Ben Dyson talks about the progress made by Positive Money in sparking the debate about monetary reform over the past four years
The last six months have been full of breakthroughs for the movement to democratise money. Since 2010 we’ve been working to raise awareness of the fact that the same banks that caused the financial crisis currently create 97% of the money in our economy and decide where that money goes.
One of the early challenges was simply getting people to believe that banks create money. Even the UK Treasury would reply to letters from members of the public with the line: “Banks have no authority to create money, digital or otherwise.” But this argument was settled in March 2014 when the Bank of England released the paper Money Creation in the Modern Economy, in which they explained that “the majority of money in the modern economy is created by commercial banks making loans.” This confirmation from the Bank of England has already led some university lecturers to update their teaching on money and banking, and means that the debate can move on to the crucial issue of who should be allowed to create money.

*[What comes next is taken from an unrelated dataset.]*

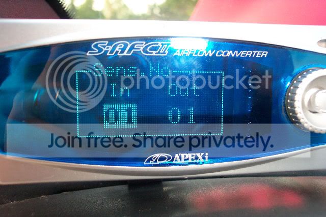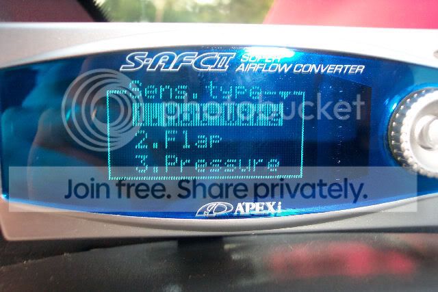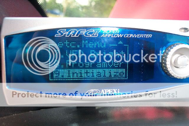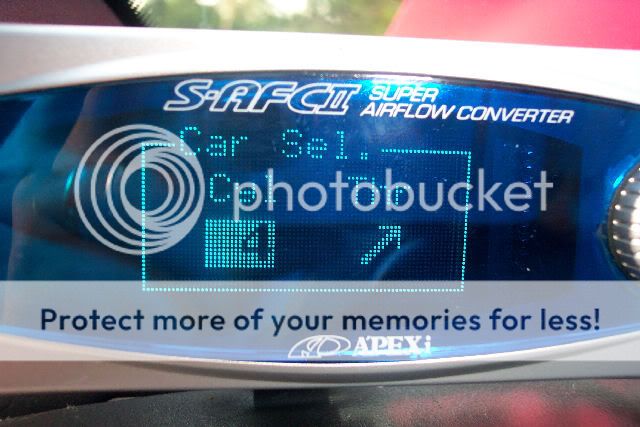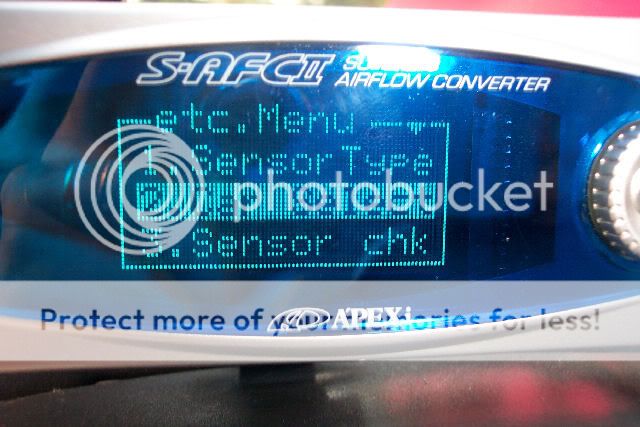 After the animation you should see this menu: https://img.photobucket.com/albums/v...l/MainMenu.jpg To make a selection you press in on the center button. Press right to go to next, press left to go to the previous, press up to go to the top level. I chose to initialize mine since I bought it second hand. The SAFC2 does not require constant power to maintain the settings. It stores them in memory. The good part about that is if your battery dies, or you unplug it you will not lose your settings. To initialize select ETC. from the menu, scroll all the way to the bottom and you will see the screen below. Push in on the button. https://img.photobucket.com/albums/v...Initialize.jpg Now go back to the ETC. Menu and Select Sensor Type: https://img.photobucket.com/albums/v...ll/etcMenu.jpg Select Hot Wire: https://img.photobucket.com/albums/v...ensorSetup.jpg Select Sens No 1 and 1: https://img.photobucket.com/albums/v...all/SensNo.jpg Select Sens Cal 1 and 1: https://img.photobucket.com/albums/v...ll/SensCal.jpg Go back to the ETC. Menu and Select Car Select. Set it to 4 and arrow up to the right: https://img.photobucket.com/albums/v.../CarSelect.jpg |

The Positive Money movement continues to grow online and offline, with more than 30,000 followers on Facebook and 30 local groups around the UK (15 new groups have been set up this year alone). These local groups host film screenings, reading groups and run stalls at festivals. In addition, our members have been contacting MPs, local councillors, like-minded grassroots societies and the media to raise awareness of the fundamental problems with money. Internationally, there are now groups in 21 different countries, with Swiss group MoMo launching a petition that aims to get 100,000 signatures calling for a referendum on monetary reform.